The cascade is why manualChunks matters for cache stability. An application entry chunk that statically imports a vendor bundle will get a new hash every time the vendor chunk changes — even if the application code did not change. Isolating vendors into their own manualChunks group breaks the cascade: the vendor chunk’s hash changes only when vendor code changes, and the application chunk only references the vendor chunk’s URL at runtime (via dynamic import), which does not contribute to the hash.
This is also why you should prefer import() (dynamic import) over static import for large optional features. Dynamic imports create a runtime fetch, not a compile-time embedding, so the parent chunk’s hash is independent of the lazy chunk’s content.
Edge cases and known issues
CSS assets emitted by @rollup/plugin-css-only
The assetFileNames pattern applies to all non-JS assets including CSS. If you use @rollup/plugin-css-only or a similar plugin, confirm it respects output.assetFileNames rather than writing directly to disk via fs.writeFile. Plugins that bypass this.emitFile will not appear in the bundle object and therefore won’t be captured by a manifest plugin.
Dynamic import chunks and the [hash] cascade
When a chunk imports a dynamically loaded chunk, Rollup computes the parent’s hash after the child’s. A change to a leaf module triggers hash changes up the dependency graph. This is correct and expected: if chunk B imports chunk A, and A changes, both A and B get new hashes. The manifest records the new filename for both. If your server inlines <script> tags from the manifest at request time, users get consistent references automatically.
output.format: 'cjs' and named exports
When targeting cjs format, Rollup wraps ES modules. The wrapper code itself contributes to the hash, so switching format between es and cjs changes hashes even for identical source. Pin the output format in your config and do not let it vary between CI runners.
Hash collisions at scale
The chance of a collision across N files with an 8-hex-character hash (32 bits) is approximately N²/2³³. For a project with 500 chunks, the birthday-paradox probability is around 3%. Use 12 characters (48 bits) for large monorepos.

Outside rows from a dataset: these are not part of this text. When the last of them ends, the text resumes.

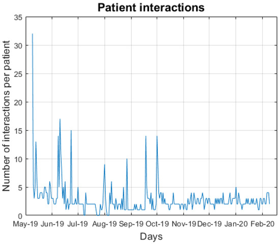 The number of messages sent every day from the user to the virtual assistant (normalized by the number of active patients) is shown in Figure 3. The average number of messages sent per day by a patient was 2.7 (SD 2.9). A significantly high number of interactions can be observed on the first day of the study compared with the rest of the days. This is because all the participants had to take part in an initial tutorial where the basic use was explained. The rest of the peaks during the study mean that one or more patients were exploring the different options of the virtual assistant. In general, most of the patients interacted with the virtual assistant uniformly. A total of 88.5% of the interactions (4278/4835) were made using numeric-based messages, in contrast with 11.5% of text-based messages sent (557/4835).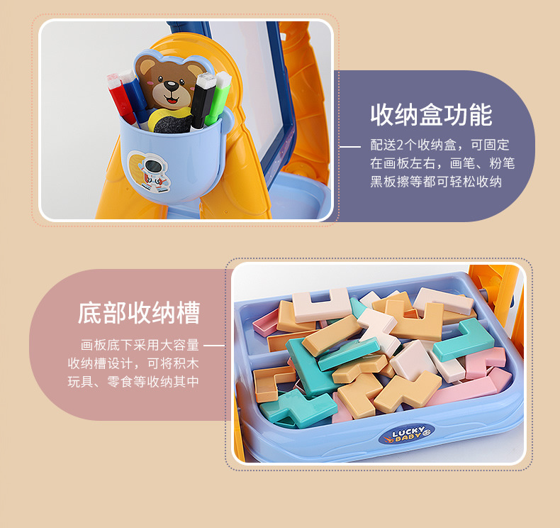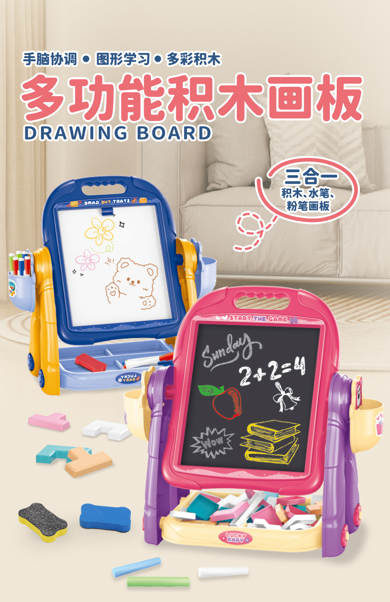 아이들의 다기능 빌딩 블록 드로잉 보드는 양면 드로잉 보드를 저장할 수 있습니다. 러시아 빌딩 블록 드로잉 보드 장난감스토어 가기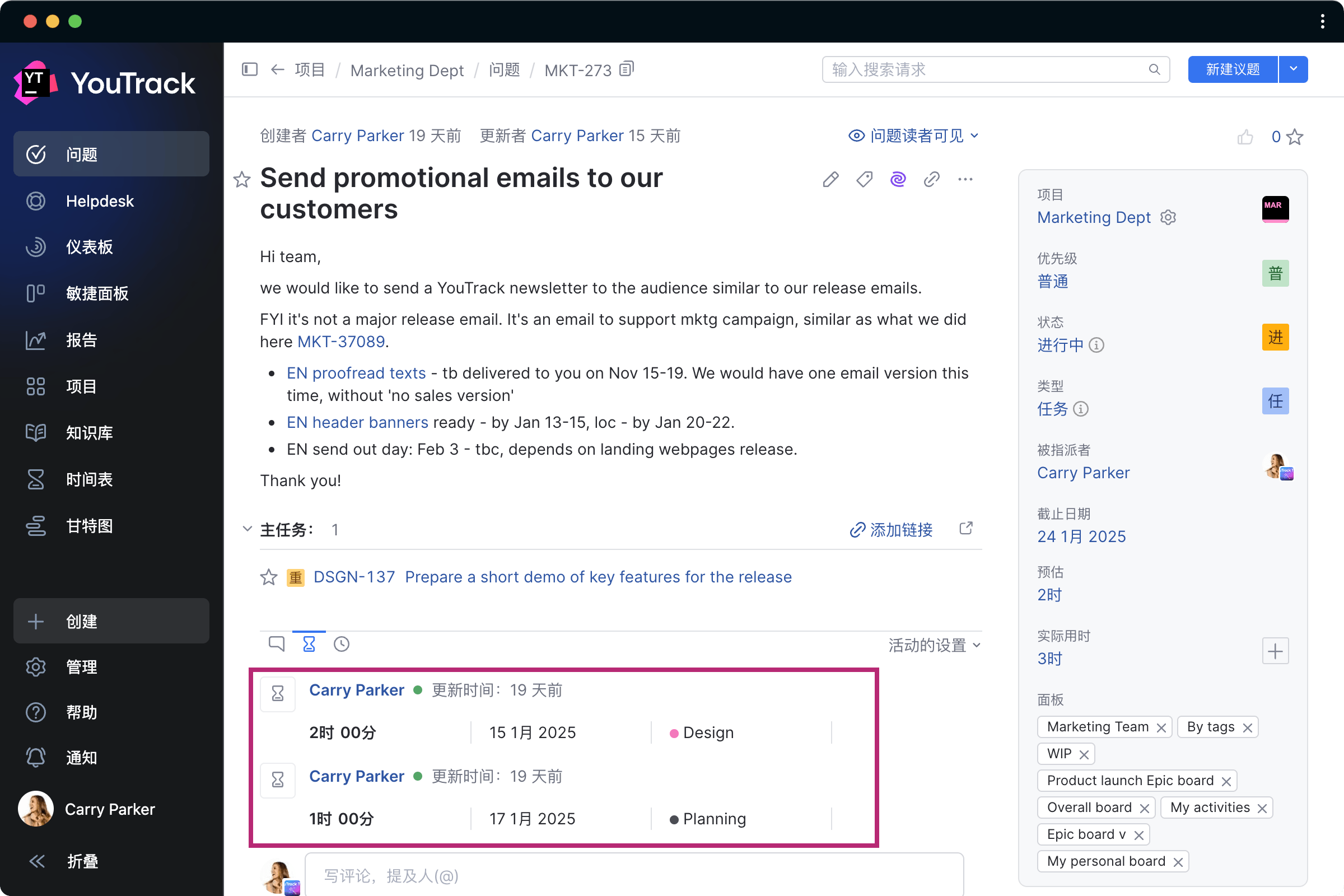从软件开发和 DevOps 到人力资源和营销,YouTrack 中的核心任务管理功能提供了各种团队需要的所有功能,可用于轻松跟踪和协作处理任何规模的项目。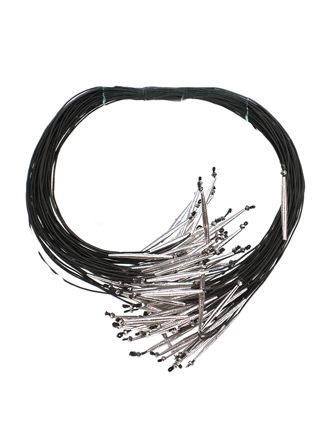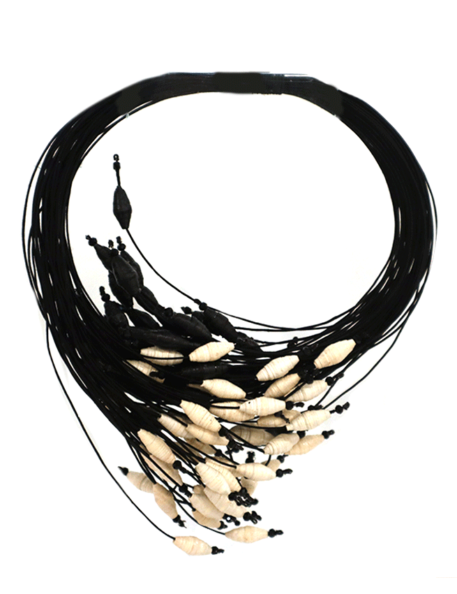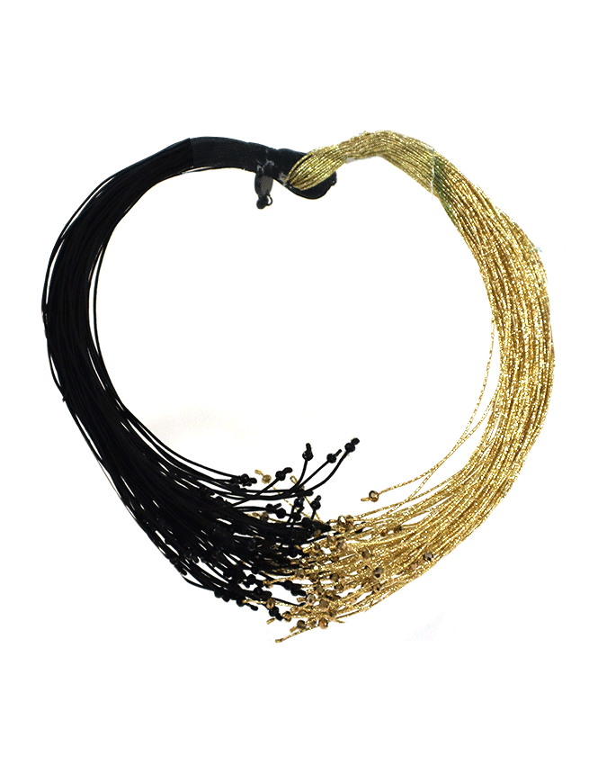 In detail, the necklace is made from stones, metallic crystals, and silk threads. The threads are flexible and very lightweight. And the necklace is available in three color options: silver, gold, and ivory.

The [hash:12] suffix is a one-character change. The tradeoffs of truncation are covered in the safely truncating content hash length guide.
Performance impact
Hashing adds a small post-transform step for each chunk. Profiling on a 200-module application shows that hashCharacters: 'hex' is marginally slower than 'base64' (SHA-256 is SHA-256; the difference is only string encoding). Build time impact is under 1% in practice.
The manualChunks function runs once per module during the chunk assignment phase. Keep it fast: avoid synchronous filesystem calls or regex-heavy patterns on id strings that match thousands of node_modules paths.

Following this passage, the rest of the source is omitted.